No method of electronic transmission or storage is completely secure. If we become aware of a personal data breach that is likely to result in a risk to your rights and freedoms, we will notify you and, where required, the relevant supervisory authority, within 72 hours of becoming aware of the breach.

11. Children's data

This website is directed at adults aged 18 and over. We do not knowingly collect personal data from children under the age of 16. If you are a parent or guardian and believe that a child under 16 has submitted data to us through the contact form, please contact us at [email protected] and we will delete the data promptly.

Note that scuba diving itself carries minimum age requirements set by certification agencies (typically 10–15 years depending on the programme and the agency's junior diver rules). Families enquiring about introductory snorkelling or shallow reef trips involving minors are welcome to contact us; we simply ask that the enquiry is submitted by an adult.

12. Supervisory authority and complaints

If you are a resident of Egypt and believe we have not handled your personal data in accordance with Egyptian Data Protection Law No. 151/2020, you may lodge a complaint with the Personal Data Protection Centre (PDPC) of the Egyptian Ministry of Communications and Information Technology.

If you are an EEA resident and believe we have not complied with the GDPR, you have the right to lodge a complaint with the supervisory authority in your country of residence or the member state where the alleged infringement took place.

We would, however, appreciate the opportunity to address any concern directly before you escalate to a supervisory authority. Please contact us first at [email protected].

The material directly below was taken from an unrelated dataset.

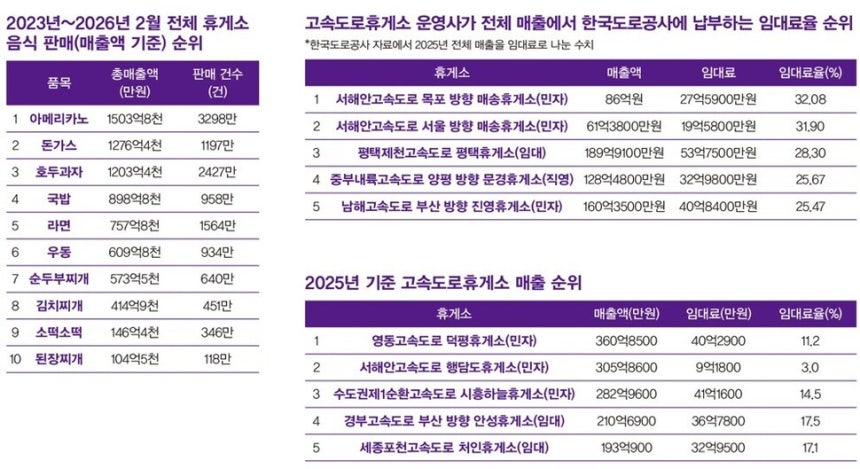 2025년 기준 주요 고속도로휴게소의 경우 매출에 견줘 임대료율이 16~23%에 달한다. 서해안고속도로 휴게소는 22.9%이고, 경부고속도로 18.7%, 중부내륙고속도로 18.4%, 영동고속도로 17.6%, 중부고속도로 16.2% 등이다. 이는 일반적인 건물보다 훨씬 높은 수준이다. 한 고속도로휴게소의 프랜차이즈에 입점한 점주 ㄹ씨는 “일반적인 건물주는 관리비를 포함해서 매출 대비 임대료를 10~12% 정도 가져간다. 휴게소는 일반 건물주보다 가져가는 임대료 비율이 더 높다”며 “여기에 3~5%가량 관리비까지 별도로 내야 한다. 결과적으로 휴게소 임대료는 일반 상권보다 1.5~2배 가까이 높게 느껴지는 것”이라고 말했다.

13. Changes to this notice

We may update this Privacy Notice from time to time to reflect changes in our practices, legal requirements, or the website's functionality. When we make changes, we will update the "Last updated" date at the top of this page. We will not reduce your rights under this notice without providing prominent notice on the website. If changes are material — for example, if we introduce a new type of data processing — we will take reasonable steps to inform users who have previously submitted enquiries, using the email address provided.

We recommend checking this page periodically if you use the website regularly. The current version is always accessible at egyptpass.sbs/privacy.html.

14. How to contact us about data matters

For any question, request or concern relating to this Privacy Notice or the way we handle personal data, you can reach us through any of the following:

Email: [email protected] — use the subject line "Privacy" so your message is routed correctly.
Telephone: +20 65 3447 920 (Saturday to Thursday, 08:00–18:00 Hurghada time).
Post: Red Reef Dive Collective L.L.C., 9 Sheraton Road, Ad Dahar, Hurghada 84511, Egypt.

We aim to acknowledge all privacy-related correspondence within two working days and to provide a full response within 30 calendar days. If the matter is complex or requires us to retrieve archived records, we will let you know if more time is needed, and the maximum extension under the GDPR is a further 60 days.

If you submitted a dive enquiry through our contact page and have a question about that specific submission, include the date you submitted it and the email address you used — this helps us locate the record quickly.